_The problem_
Repeat each line of the material below exactly as it appears, minus any pictures.

_Data below_
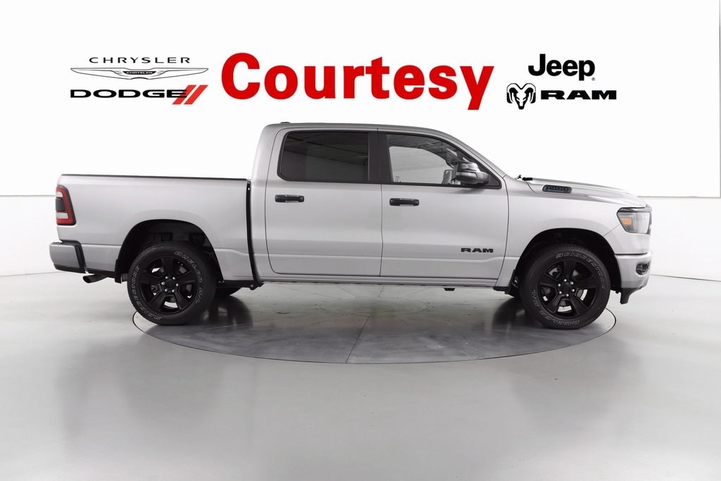 REMOTE START!, LOCAL TRADE!, HEATED SEATS!, GREAT VEHICLE HISTORY!, FULLY SERVICED AND READY TO GO!, 1500 Big Horn/Lone Star, 4D Crew Cab, 3.6L V6 24V VVT, 8-Speed Automatic, 4WD, Billet Silver Metallic Clearcoat, Black Cloth, 115V Outlet, 12" Touchscreen Display, 2nd Row In Floor Storage Bins, 3 Rear Seat Head Restraints, 4 Way Front Headrests, 400W Inverter, 9 Amplified Speakers w/Subwoofer, Accent Color Door Handles, Accent Color Premium Power Mirrors, Air Conditioning ATC w/Dual Zone Control, All R1 High Radios, All Radio Equipped Vehicles, Android Auto, Anti-Spin Differential Rear Axle, Apple CarPlay, Auto-Dimming Exterior Driver Mirror, Auto-Dimming Rear-View Mirror, Big Horn Badge, Big Horn Level B Equipment Group, Black Badging, Black Exterior Mirrors, Black Headlamp Bezels, Black Interior Accents, Black Painted Exterior Mirrors Caps, Black Premium Power Mirrors, Body Color Front Bumper, Body Color Rear Bumper w/Step Pads, Bucket Seats, Center Console Parts Module, Class IV Receiver Hitch, Cluster 7.0" TFT Color Display, Connected Travel & Traffic Services, Connectivity - US/Canada, Convex Wide-Angle Exterior Mirror Insert, Deluxe Cloth Bucket Seats, Disassociated Touchscreen Display, Dual Exhaust w/Black Tips, Exterior Mirrors Courtesy Lamps, Exterior Mirrors w/Heating Element, Exterior Mirrors w/Supplemental Signals, Fog Lamps, For Details, Visit DriveUconnect.com, For More Info, Call 800-643-2112, Front Seat Back Map Pockets, Full Length Floor Console, Global Telematics Box Module (TBM), Glove Box Lamp, GPS Antenna Input, GPS Navigation, HD Radio, Heated Front Seats, Heated Steering, Integrated Center Stack Radio, LED Footwell Lighting, Manual Adjust 4-Way Front Passenger Seat, Media Hub w/2 Charge Only USBs, Night Edition, ParkSense Front/Rear Park Assist w/Stop, Power 2-Way Driver Lumbar Adjust, Power 8-Way Driver Seat, Power Adjustable Pedals, Power-Folding Mirrors, Quick Order Package 23Z Big Horn, Radio: Uconnect 5 Nav w/12.0" Display, RAM Grille Badge - Black, Rear 60/40 Folding Seat, Rear Center Armrest, Rear Dome w/On/Off Switch Lamp, Rear Power Sliding Window, Rear Window Defroster, Remote Start, Security Alarm, SiriusXM, SiriusXM Radio Service, SiriusXM w/360L, Sun Visors w/Illuminated Vanity Mirrors, Universal Garage Door Opener, USB Host Flip, Voice Command w/Bluetooth, Wheels: 20" x 9.0" Premium Paint/Polished, Wi-Fi.
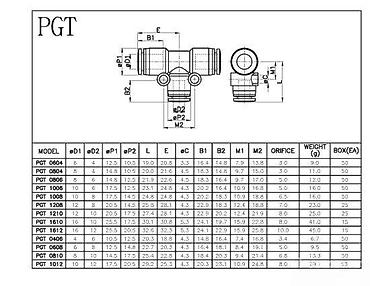 - Dostupni prečnici cevi: 4, 5, 6, 8, 10, 12, 16 mm (modeli npr. PGT 0604, 0804, 0806, 1006, 1008, 1208, 1210, 1610, 1612, 0406, 0608, 0810, 1012)
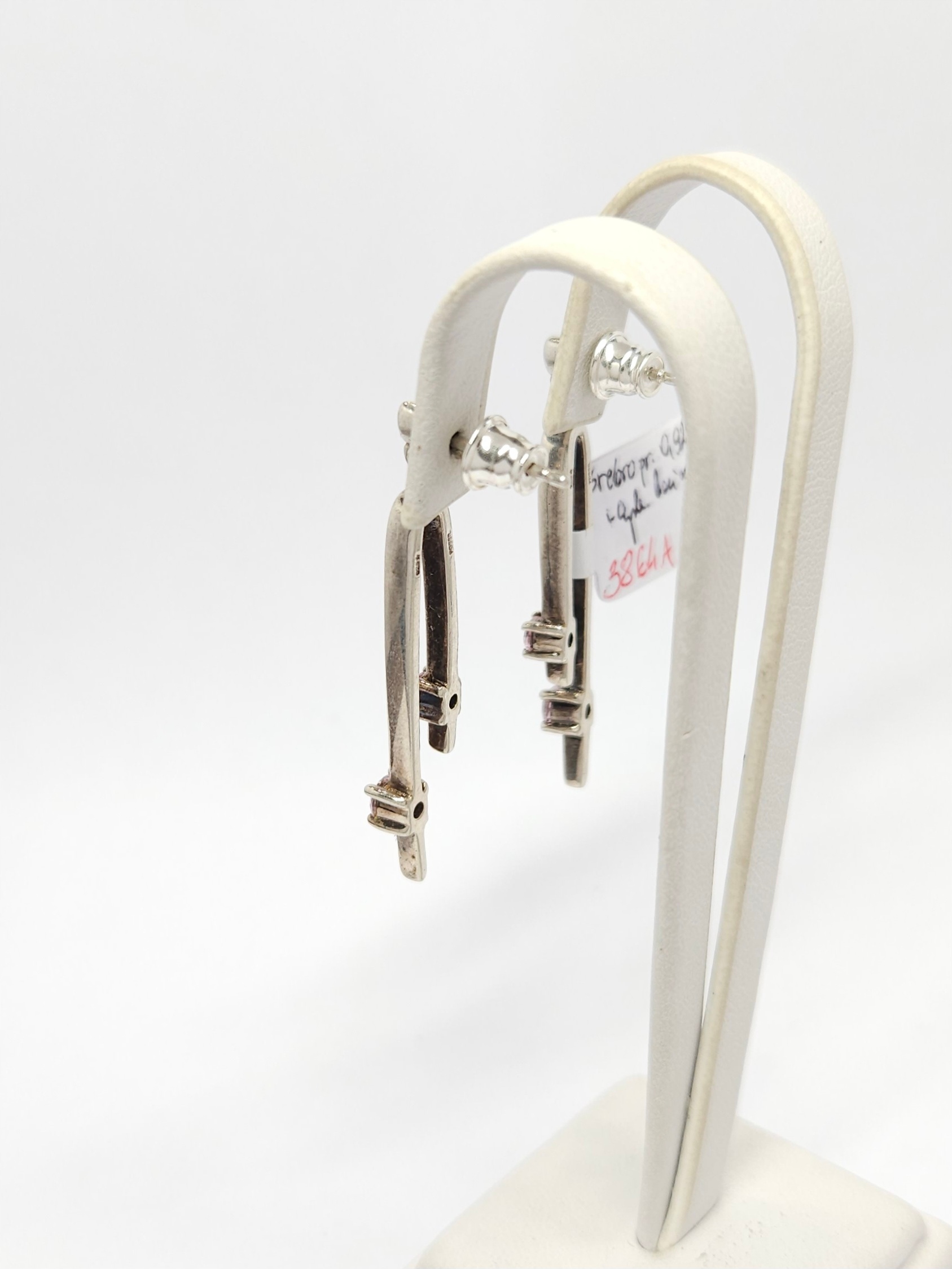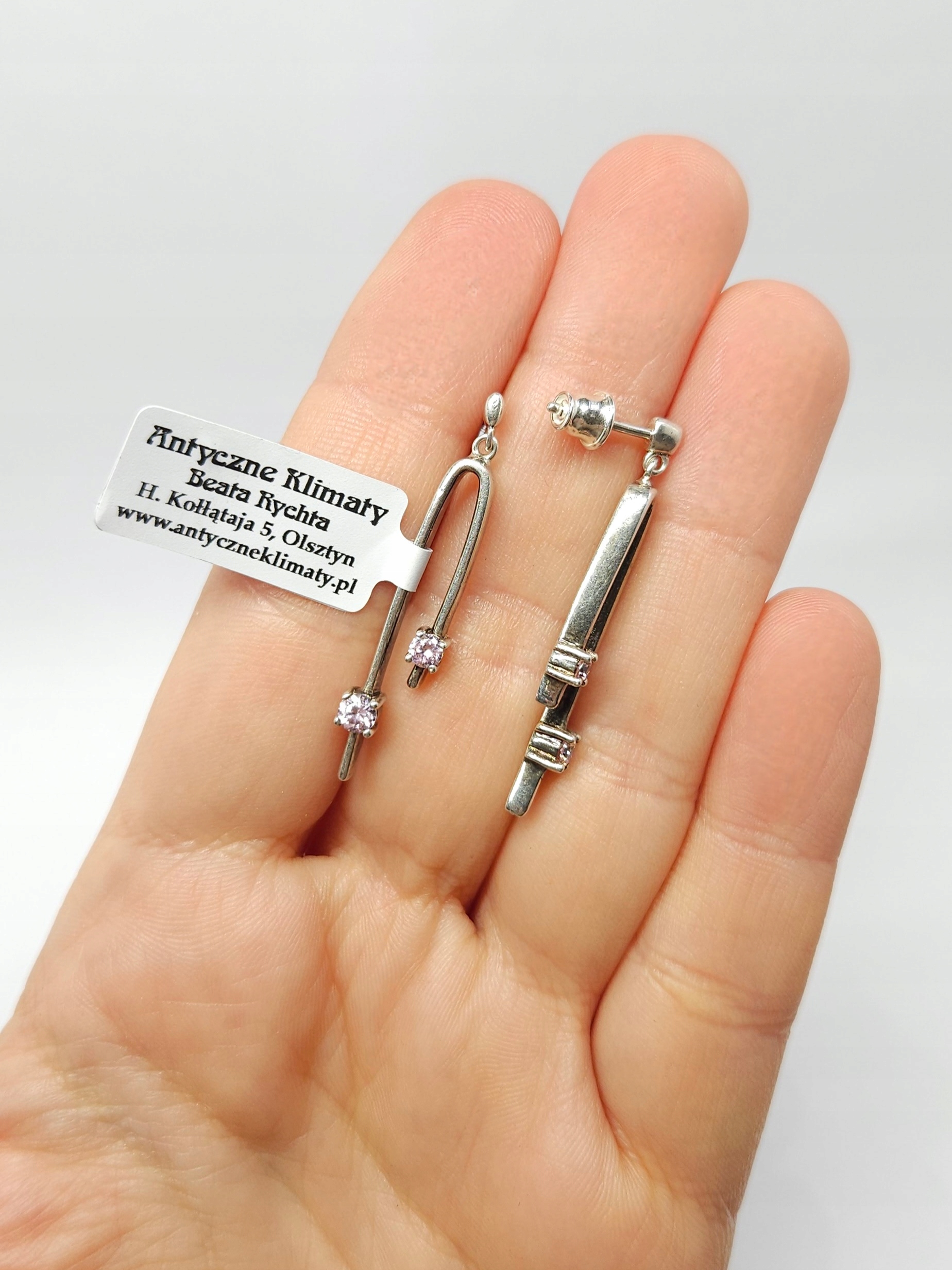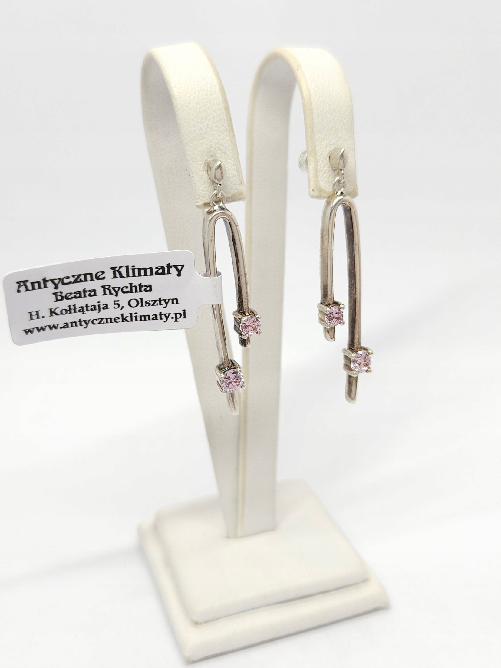 Srebrne, wiszące kolczyki – sztyfty, zdobione drobnymi, różowymi cyrkoniami barwionymi

_Expected output_
 REMOTE START!, LOCAL TRADE!, HEATED SEATS!, GREAT VEHICLE HISTORY!, FULLY SERVICED AND READY TO GO!, 1500 Big Horn/Lone Star, 4D Crew Cab, 3.6L V6 24V VVT, 8-Speed Automatic, 4WD, Billet Silver Metallic Clearcoat, Black Cloth, 115V Outlet, 12" Touchscreen Display, 2nd Row In Floor Storage Bins, 3 Rear Seat Head Restraints, 4 Way Front Headrests, 400W Inverter, 9 Amplified Speakers w/Subwoofer, Accent Color Door Handles, Accent Color Premium Power Mirrors, Air Conditioning ATC w/Dual Zone Control, All R1 High Radios, All Radio Equipped Vehicles, Android Auto, Anti-Spin Differential Rear Axle, Apple CarPlay, Auto-Dimming Exterior Driver Mirror, Auto-Dimming Rear-View Mirror, Big Horn Badge, Big Horn Level B Equipment Group, Black Badging, Black Exterior Mirrors, Black Headlamp Bezels, Black Interior Accents, Black Painted Exterior Mirrors Caps, Black Premium Power Mirrors, Body Color Front Bumper, Body Color Rear Bumper w/Step Pads, Bucket Seats, Center Console Parts Module, Class IV Receiver Hitch, Cluster 7.0" TFT Color Display, Connected Travel & Traffic Services, Connectivity - US/Canada, Convex Wide-Angle Exterior Mirror Insert, Deluxe Cloth Bucket Seats, Disassociated Touchscreen Display, Dual Exhaust w/Black Tips, Exterior Mirrors Courtesy Lamps, Exterior Mirrors w/Heating Element, Exterior Mirrors w/Supplemental Signals, Fog Lamps, For Details, Visit DriveUconnect.com, For More Info, Call 800-643-2112, Front Seat Back Map Pockets, Full Length Floor Console, Global Telematics Box Module (TBM), Glove Box Lamp, GPS Antenna Input, GPS Navigation, HD Radio, Heated Front Seats, Heated Steering, Integrated Center Stack Radio, LED Footwell Lighting, Manual Adjust 4-Way Front Passenger Seat, Media Hub w/2 Charge Only USBs, Night Edition, ParkSense Front/Rear Park Assist w/Stop, Power 2-Way Driver Lumbar Adjust, Power 8-Way Driver Seat, Power Adjustable Pedals, Power-Folding Mirrors, Quick Order Package 23Z Big Horn, Radio: Uconnect 5 Nav w/12.0" Display, RAM Grille Badge - Black, Rear 60/40 Folding Seat, Rear Center Armrest, Rear Dome w/On/Off Switch Lamp, Rear Power Sliding Window, Rear Window Defroster, Remote Start, Security Alarm, SiriusXM, SiriusXM Radio Service, SiriusXM w/360L, Sun Visors w/Illuminated Vanity Mirrors, Universal Garage Door Opener, USB Host Flip, Voice Command w/Bluetooth, Wheels: 20" x 9.0" Premium Paint/Polished, Wi-Fi.
 - Dostupni prečnici cevi: 4, 5, 6, 8, 10, 12, 16 mm (modeli npr. PGT 0604, 0804, 0806, 1006, 1008, 1208, 1210, 1610, 1612, 0406, 0608, 0810, 1012)
 Srebrne, wiszące kolczyki – sztyfty, zdobione drobnymi, różowymi cyrkoniami barwionymi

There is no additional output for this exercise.